Medical Establishment vs. Women

A recent article by Rebecca Grant on is a timely reminder of the work that feminists have done to literally take abortions into our own hands. She explains the procedure called menstrual extraction that was developed and popularized in the 1970s by feminists.  Cofounders of the first Feminist Women’s Health Center, Carol Downer and Lorraine Rothman, took the idea on the road and many women’s self-help groups learned how to do the procedure.  According to Downer self-help movement groups did more than one thousand procedures safely. It may be time young women knew about this movement and began to set up their own groups.

Sometimes there is a collision between women’s health and the professional and economic interests of the medical establishment. Rebecca Grant quotes Dr. Brian Levine, the Practice Director for the fertility clinic Center for Reproductive Medicine in New York,

“This is a serious medical procedure with serious ramifications if not done correctly,” Levine said. “Any time you are instrumenting anything into the uterus, you put yourself at risk of perforation, of bleeding and hemorrhage, of infection, of sterility. It is not something to experiment with. I think the women who say it’s safe to do at home are overstating their capabilities.”
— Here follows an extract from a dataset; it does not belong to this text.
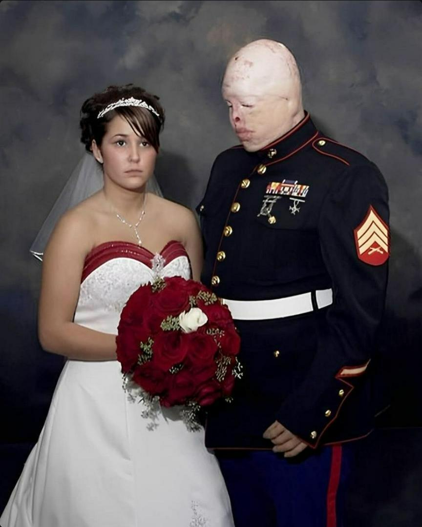 In 2004, Marine Sqt. Tyler Ziegel was serving in Irag when a roadside bomb changed his life forever. The explosion left him with burns covering more than 70% of his body, taking parts of his face, fingers, and vision in one eve. What followed was a recovery that tested the imits of human endurance. Over the next few years, Tyler underwent more than 50 surgeries and countless hours of rehabilitation. In 2006, Tyler made headlines arounc the world when he married his high school sweetheart, Renee. Their wedding photo became a symbol of love that didn't flinch in the face of trauma. For many, it was a powerful image of resilience, two people standing together despite everything that war had taken. But the scars Tyler carried weren't iust physical. Life after combat brought new battles: PTSD, chronic pain, and the emotional weight of being seen as a symbol more than a person. His marriage eventually ended. In 2012, at just 30 years old, Tvler died from an accidental overdose of pain medication His death was sudden, but the pain that ed to it had been building for years Tvler's story is heartbreaking, but important.

Of course that is true, but the fact is that women have done this successfully for years. There’s even a book titled “How to Stay Out of the Gynecologist’s Office” available on the website .
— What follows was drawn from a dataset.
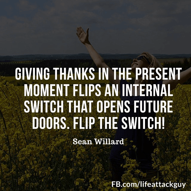 Giving thank in the present moment flips an internal switch that opens future doors. Flip the switch!

Perhaps when one’s paycheck depends on doing these procedures, it taints one’s perspective and makes the risks appear more difficult than they really are.  And it isn’t just male medical professionals, many female abortion clinic owners would also argue against women taking their health in their own hands. It must be hard for medical professionals to admit that their skills aren’t that hard to learn.

Indeed, the underground abortion group in Chicago that went by the name Jane “provided more than 11,000 women with safe and affordable abortions, abortion counseling and health education” [The Story of Jane by Laura Kaplan] between 1969 and 1973  when the Supreme Court decision known as Roe v. Wade was finally handed down. Everyday women learned this skill and practiced it quite successfully. The procedure the women of Jane performed was similar but not exactly the same as menstrual extraction.

Jane even attracted some unexpected allies:

“As time went on, Claire became aware that there was a group of policeman who were sending their wives, daughters and girlfriends.  So many police officers’ families were calling her that Claire had a certain sense of security even though she knew what she was doing was illegal.” (The Story of Jane, p 12)

The Supreme Court decision of 1973 said women “and their doctors” could elect to end an early pregnancy and did nothing to guarantee access to this very common and still needed procedure. The need for self-help arises with problems of access to services for women and problems in even affording medical care in our big-business dominated health system. [see our August 2014 article “Boiling the Frog Slowly”].  In 2016, Roe has been all but destroyed, laden as it is with restrictions.

Another self help approach is “abortion by pill” as depicted in the film “Vessel.” This approach too has its legal limitations and additionally, it depends on Big Pharma.  Women who have experienced both types of abortion tell me that the surgical kind is faster and less painful.  But surgical abortion these days often means walking the gauntlet between screaming anti-abortionists waving disgusting pictures of dead near-term fetuses. The harassment is one reason some women see an advantage to being able to get the abortion pills from their regular doctor.  Of course that approach depends on the willingness of your regular doctor to prescribe them and will only work so long as the “powers that be” don’t make these pills even more inaccessible than they are now.


None of these self-help approaches solves the problem of abortion not being legal and accessible to all women, and work on those fronts needs to be stepped up, not abandoned.  We’ve endured horrible harassment for more than 40 years and several doctors have been killed.  But there’s no shortcut to making abortion safe, legal and accessible. These underground measures are exciting and can be of great benefit to individual women, but its hard to imagine them being used on the mass scale that is required.